(Extracted data entries)
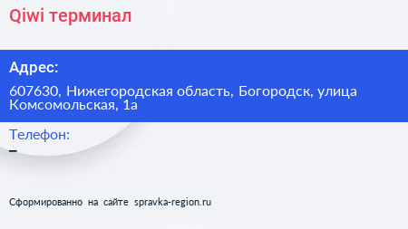 Qiwi, терминал по адресу 607630, Нижегородская область, Богородск, улица Комсомольская, 1а в дальнейшем Организация, размещена в следующих категориях:
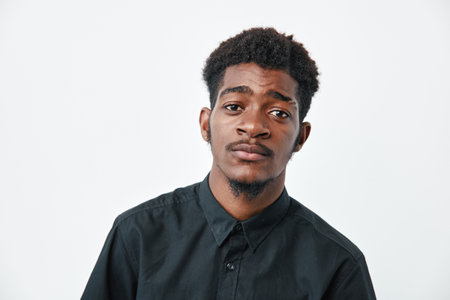 Young african man with dark skin and short curly hair wearing black shirt looking at camera with neutral expression on white background.
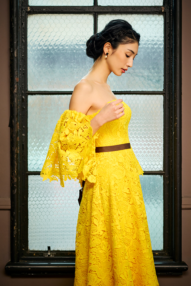 フランス製の上質なレースを鮮やかなイエローに染め上げたAラインのドレス。光を受けて美しく浮かび上がる柄の立体感が、ドレス全体に豊かな表情をもたらします。ネックラインとスリーブの縁に施したスカラップが柔らかなカーブを描き、女性らしさを演出。スリーブはあえて裏地を張らないことで素肌が透け、軽やかさを感じさせます。アクセサリーやブーケとの色合わせも楽しめ、ウエストにネイビーのリボンをアクセントにしたコーディネートもおすすめです。
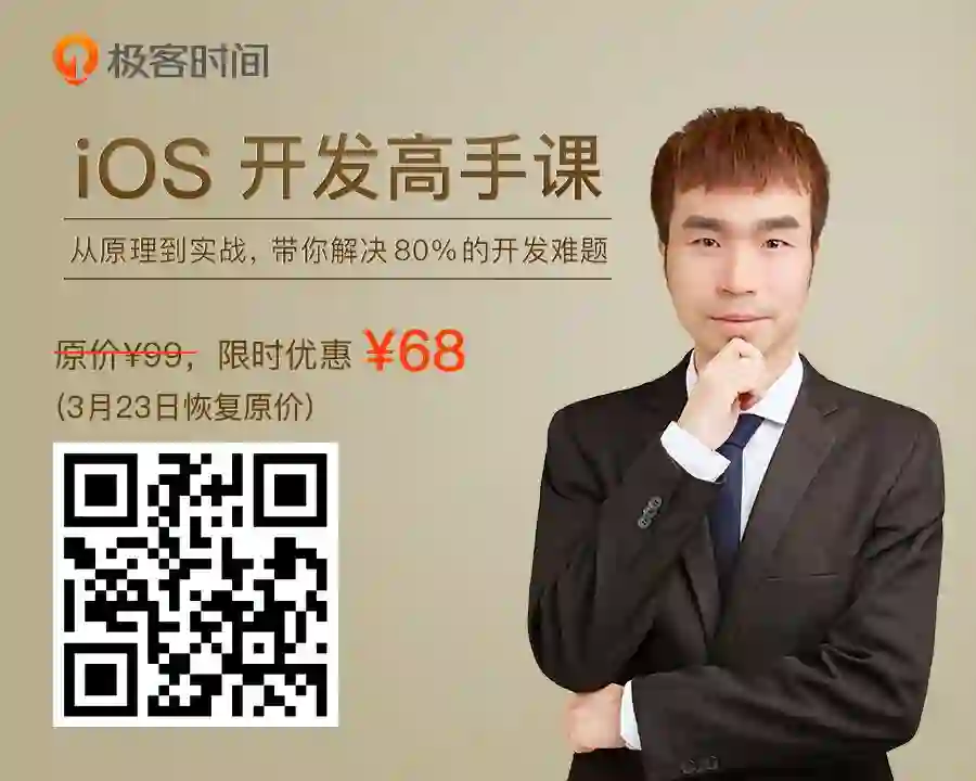我将在专栏中,通过 30+ iOS 开发实战场景剖析,围绕 iOS 开发在各个阶段(开发、调试测试、发布和上线)中遇到的问题展开,带你一起剖析问题、解决问题。
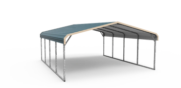 Boxed Eave Style Carport Covers have HORIZONTAL panels on the roof, and feature a 6" overhang all the way around the structure. (The ridges of the steel will run from the front to the rear, and water will drain towards the front or rear of this roof.)
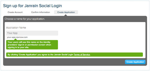NOTE: for the basic service level, your name will be appended to the rpxnow domain appearing as yourdomain.rpxnow.com. You can customize this URL at higher service levels.
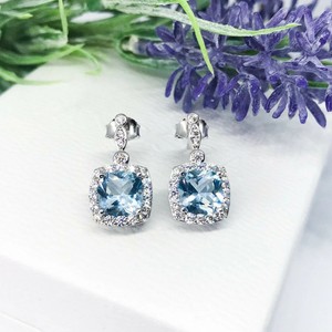 Cushion Natural Blue Aquamarine & Diamond Halo Stud Earring 14k Solid White Gold
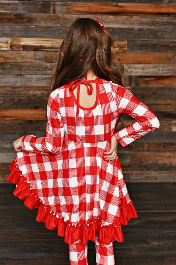 Red Plaid 2piece Dress&Legging Set
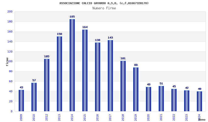 | Anno | Firme | Importi | Media | Naz. | Reg. | Prov. | Comu. |
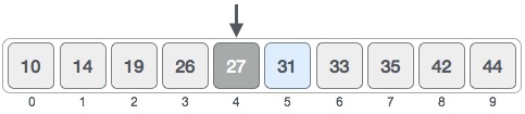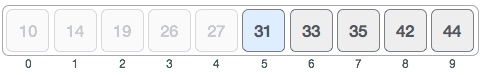위와 같이 list = { 10, 14, 19, 27, 31, 33, 35, 42, 44 } 가 있고 이진검색을 통해 31을 찾는다고 하자.
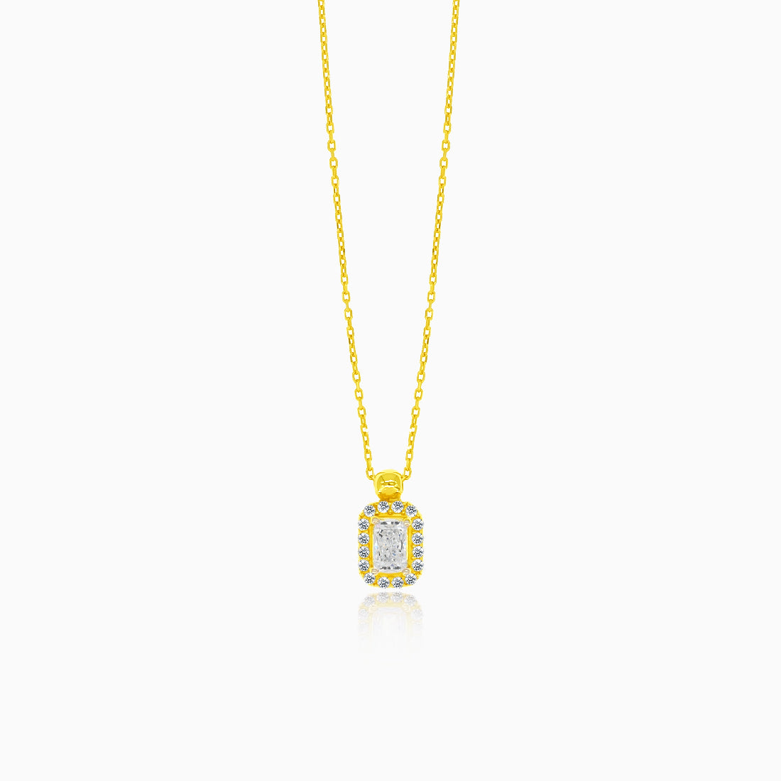 Tento královský solitér je vyroben z 14kt žlutého zlata s kubickým zirkonem v radiant brusu. Okolní drobné zirkony dodávají celému přívěsku královský vzhled. Náhrdelník má pružné kroužkové zapínání.

To do: In the records above, find the line with "Young african man" and the line with "フランス製の上質なレースを鮮". Write out exactly those lines and every one between, with no pictures and no other lines.

Exercise output:
 Young african man with dark skin and short curly hair wearing black shirt looking at camera with neutral expression on white background.
 フランス製の上質なレースを鮮やかなイエローに染め上げたAラインのドレス。光を受けて美しく浮かび上がる柄の立体感が、ドレス全体に豊かな表情をもたらします。ネックラインとスリーブの縁に施したスカラップが柔らかなカーブを描き、女性らしさを演出。スリーブはあえて裏地を張らないことで素肌が透け、軽やかさを感じさせます。アクセサリーやブーケとの色合わせも楽しめ、ウエストにネイビーのリボンをアクセントにしたコーディネートもおすすめです。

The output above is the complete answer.